Supplied entries ▸
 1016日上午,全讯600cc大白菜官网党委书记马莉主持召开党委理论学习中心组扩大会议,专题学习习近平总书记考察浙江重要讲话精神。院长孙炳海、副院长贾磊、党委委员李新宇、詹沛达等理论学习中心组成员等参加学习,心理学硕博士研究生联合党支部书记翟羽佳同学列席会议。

--

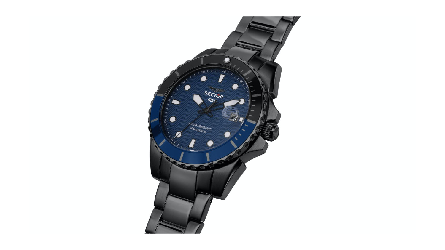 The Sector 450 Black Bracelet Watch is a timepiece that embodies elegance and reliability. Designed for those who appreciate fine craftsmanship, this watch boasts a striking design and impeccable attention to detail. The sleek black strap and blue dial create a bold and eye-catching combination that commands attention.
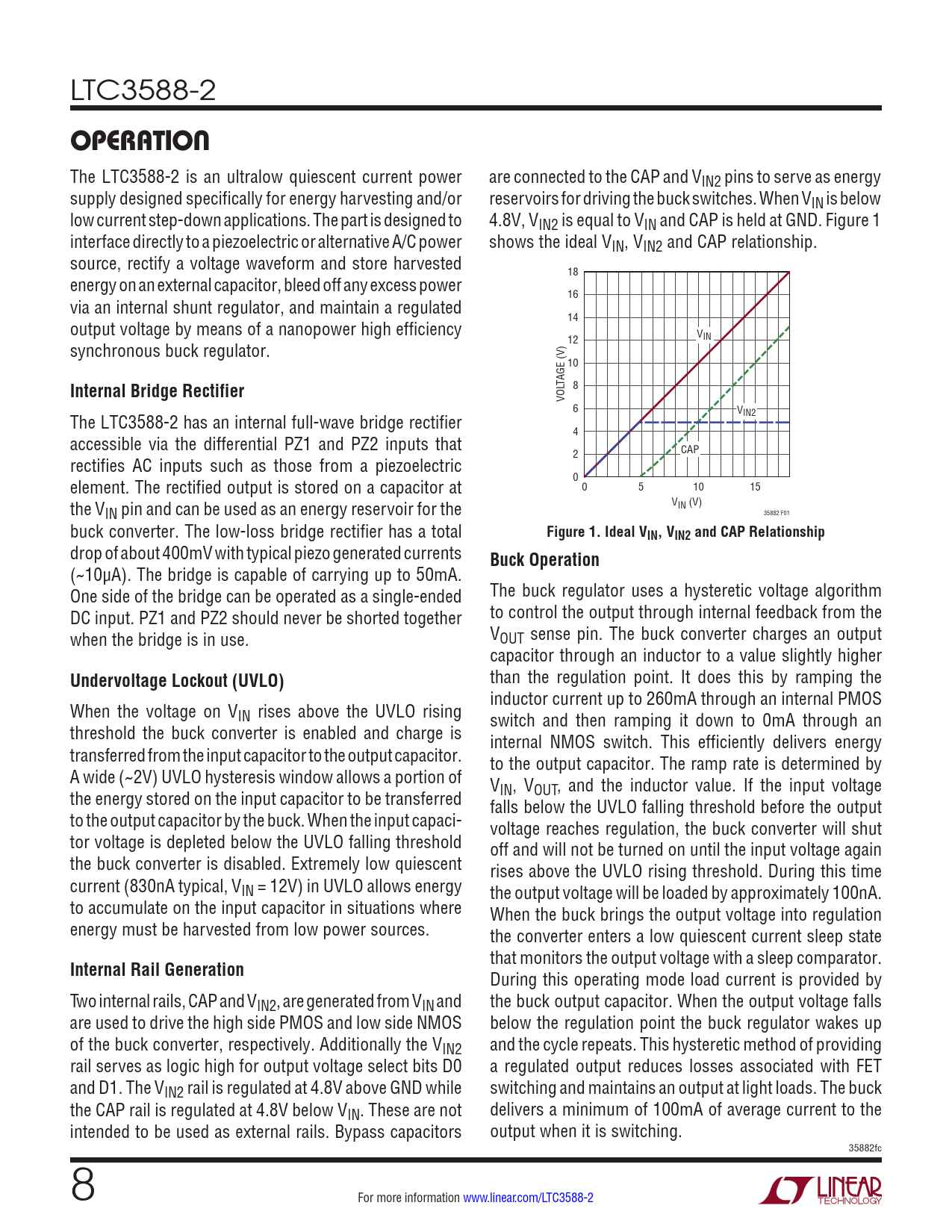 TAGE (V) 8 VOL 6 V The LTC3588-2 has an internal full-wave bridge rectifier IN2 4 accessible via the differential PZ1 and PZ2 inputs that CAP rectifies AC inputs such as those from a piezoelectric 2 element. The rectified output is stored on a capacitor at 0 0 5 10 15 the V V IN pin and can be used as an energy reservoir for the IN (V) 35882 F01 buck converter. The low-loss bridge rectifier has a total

---

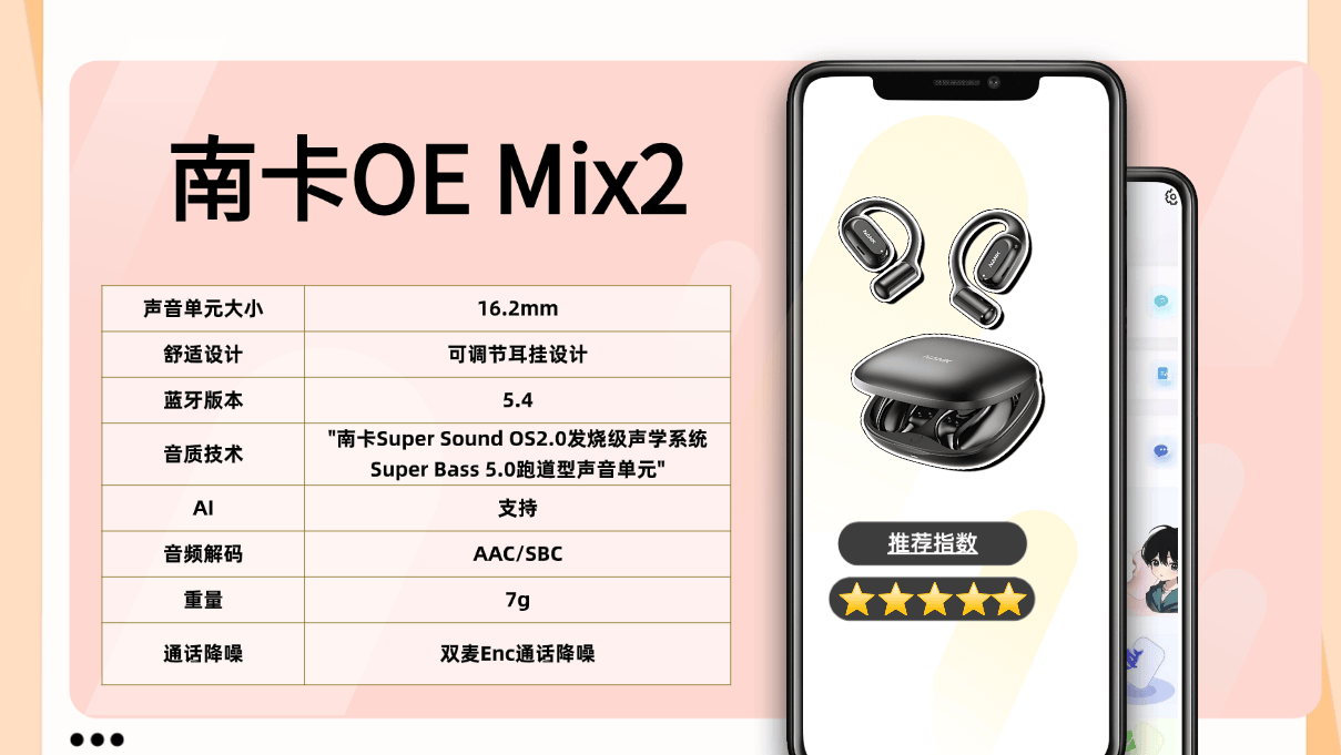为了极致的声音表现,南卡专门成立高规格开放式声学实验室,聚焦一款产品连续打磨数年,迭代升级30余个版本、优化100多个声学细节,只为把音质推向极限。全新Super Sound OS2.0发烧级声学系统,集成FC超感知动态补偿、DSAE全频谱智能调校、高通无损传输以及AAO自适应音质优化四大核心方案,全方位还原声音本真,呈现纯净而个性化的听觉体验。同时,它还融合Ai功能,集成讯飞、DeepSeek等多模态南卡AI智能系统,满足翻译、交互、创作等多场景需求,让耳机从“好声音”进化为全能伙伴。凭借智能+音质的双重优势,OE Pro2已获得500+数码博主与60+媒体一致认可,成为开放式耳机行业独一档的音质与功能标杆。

Task requirements ▸
Leaving out all pictures, set down exactly the lines of the material above, from the line with "The Sector 450" to the line with "TAGE (V) 8 VOL" inclusive, and no others.

Written answer ▸
 The Sector 450 Black Bracelet Watch is a timepiece that embodies elegance and reliability. Designed for those who appreciate fine craftsmanship, this watch boasts a striking design and impeccable attention to detail. The sleek black strap and blue dial create a bold and eye-catching combination that commands attention.
 TAGE (V) 8 VOL 6 V The LTC3588-2 has an internal full-wave bridge rectifier IN2 4 accessible via the differential PZ1 and PZ2 inputs that CAP rectifies AC inputs such as those from a piezoelectric 2 element. The rectified output is stored on a capacitor at 0 0 5 10 15 the V V IN pin and can be used as an energy reservoir for the IN (V) 35882 F01 buck converter. The low-loss bridge rectifier has a total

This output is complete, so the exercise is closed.